The problem of anisotropy in metal forming

Sheet metal is processed through rollers at a steel plant. gjp3111/iStock/Getty Images Plus

When trying to determine the source of splits and wrinkles in their formed components, metal stampers often forget about anisotropy. Also known as directionality, anisotropy is a change in the crystalline structure of metals during the rolling process. Both cold- and hot-formed coils are subject to anisotropy from the intense force of the rolling operation. As a result, the mechanical properties can be significantly different at different directions across the plane of the sheet material.

Just a few months ago I had a conversation with a diemaker over coffee. He shared his frustration over the volume of splits he experienced on a particular component and detailed the troubleshooting efforts that failed to determine the cause.
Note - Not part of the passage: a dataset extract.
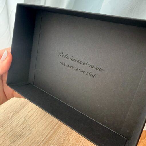 Saad lisada oma sõnumi, mille me graveerime karbi kaane alla (+5€). See on nähtav ainult inimesele, kellele kingituse annad ;)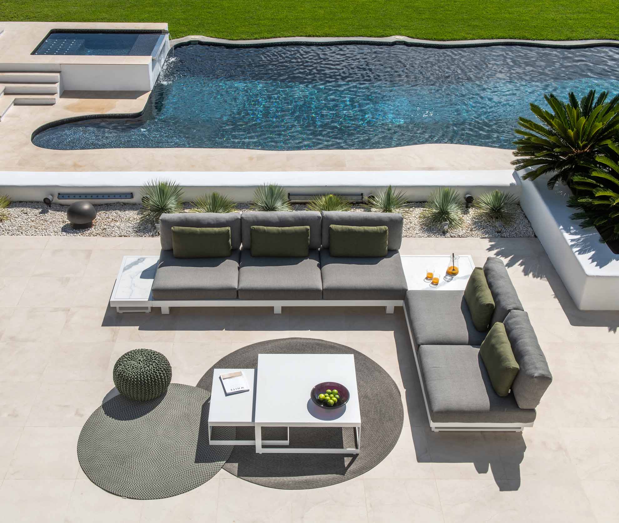 Gartenmöbel aus Aluminium sind geradezu ideal für den Einsatz im Freien geeignet. Das geringe Gewicht, die Wetterbeständigkeit, sowie die außerordentliche Langlebigkeit machen Aluminium zur 1. Wahl bei Gartenmöbeln aus Metall. Damit das Material nicht „ausblüht“ sind unsere Aluminium-Gartenmöbel mit hochwertigen Pulverbeschichtungen versehen. Viele Artikel sind in verschiedenen Farben erhältlich. Fast alle Aluminium-Gartenmöbel aus unserem Sortiment werden in aufwendiger Handarbeit gefertigt. Die Schweißnähte werden geschliffen und poliert, sodass Verbindungen anmuten als wären sie „aus einem Guss“.

I suggested he try rotating the blanks.

I encountered him again a few weeks later, and he was ecstatic that simply rotating the lifts eliminated the splitting issues. But I was surprised that even though he knew his blanks were anistropic, he’d never considered that to be a possible cause of the problem.

What Causes Anisotropy?

Rolling in a mill moves the metal through a series of counterrotating rollers above and below the metal. The rollers introduce bulk plastic deformation to the metal to form it to the desired dimensional thickness (see Figure 1). Deformation changes the microstructure of the metal by changing the size of the crystal grains and introduces an orientation based on the direction and the force used in the deformation.

During deformation, the grains can both elongate and rotate. The crystals align based on the direction of the stress applied by the rollers during deformation. As a result, the properties of the metal change as the direction of the component is changed. The direction of the microstructure affects mechanical properties, magnetic properties, electrical conductivity, and corrosion resistance, and this variability in properties based on direction is called anisotropy.

The R-Value

Labs measure anisotropy through a uniaxial tensile test. One of the conventional characteristics measured during a tensile test is vertical anisotropy, or the r-value. The r-value is a measure of the true plastic width strain of the sample compared to the true plastic thickness strain. The standards that reference plastic strain include ISO 10113, ASTM E517, and JIS Z2254.
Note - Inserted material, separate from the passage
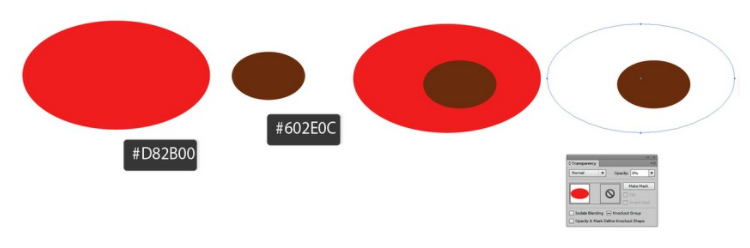 갈색 타원을 빨간색 타원에 넣은 다음 큰 타원을 완전히 투명하게 만듭니다.

To calculate the r-value, the lab samples a cross section of the tensile specimen and measures the sample’s deformation across both the width and the thickness. If the sample deforms more across the width, then r is greater than 1. If the sample deforms more across the thickness, then r is less than 1. If the r-value is 1, the material is isotropic, which means it demonstrates no directionality.

Tested samples with different orientations on the coil reveal the hardening behavior of the metal across two different directions on its plane, as well as the thinning behaviors when measured across the material plane. These values help determine the material’s ability to maintain its high location on the forming limit diagram to resist thinning and to reduce wrinkling.

Improved Results

Anisotropy can be a critical factor in both simulation and forming, and blank orientation can have a significant influence on the occurrence of splits and wrinkles in the formed material. When stampers understand and consider r-values in the simulation and design stages, they can achieve better forming results and develop a meaningful body of knowledge about good practice in preventing failure from anisotropy.

FIGURE 1 As metal moves through rollers in a rolling mill, they introduce bulk plastic deformation to the material to deform it to the desired dimensional thickness.